発生から34年を迎えるこの事件は、事故機の名称由来の「パンアメリカン航空103便爆破事件」あるいは、発生現場に由来する「ロッカビー事件」などとして知られている。国際政治や、その後の航空機の安全体制などさまざまな面に影響を及ぼし、いまだに語り継がれる事件だ。
1988年12月21日、西ドイツ(当時)のフランクフルトから、ロンドン、ニューヨークを経由してデトロイトへ向かう103便がヒースロー空港を離陸後、スコットランドのロッカビー上空で爆破された。乗客乗員に加え、墜落地点の住民11人も巻き込まれ、計270人が死亡する大惨事となった。
爆発原因はその後の調査で、スーツケースに隠され貨物として積み込まれたプラスチック爆薬(日本製のカセットレコーダーに偽装されていた)を使った時限爆弾と判明した。さらに、リビアの情報機関が、1986年4月の米国によるリビア爆撃に対する報復として実行したということも判明した。
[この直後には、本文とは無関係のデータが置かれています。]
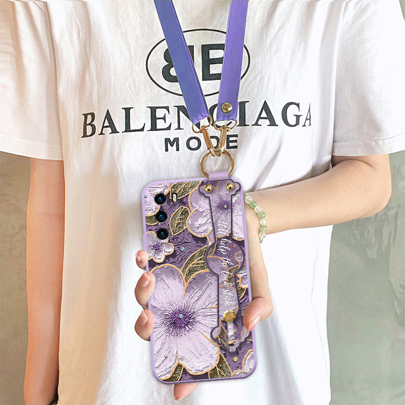 油画白茶花适用于华为p40手机壳Pura80新款p60花朵P60Pro高级p50女款p50pro硅胶p30斜挎挂绳防摔保护套

容疑者の引き渡しをめぐって、リビアの最高指導者だった故ムアマル・カダフィ大佐と西側諸国との間で激しい対立が発生。1999年、容疑者の引き渡しに合意したものの、裁判は事件に無関係のオランダの米軍基地にスコットランドの租借地を設け、スコットランド法に基づく特別法廷で裁判が実施された。これも異例であり注目を集めた。結果、容疑者ふたりのうち、ひとりは終身刑の判決を受けている。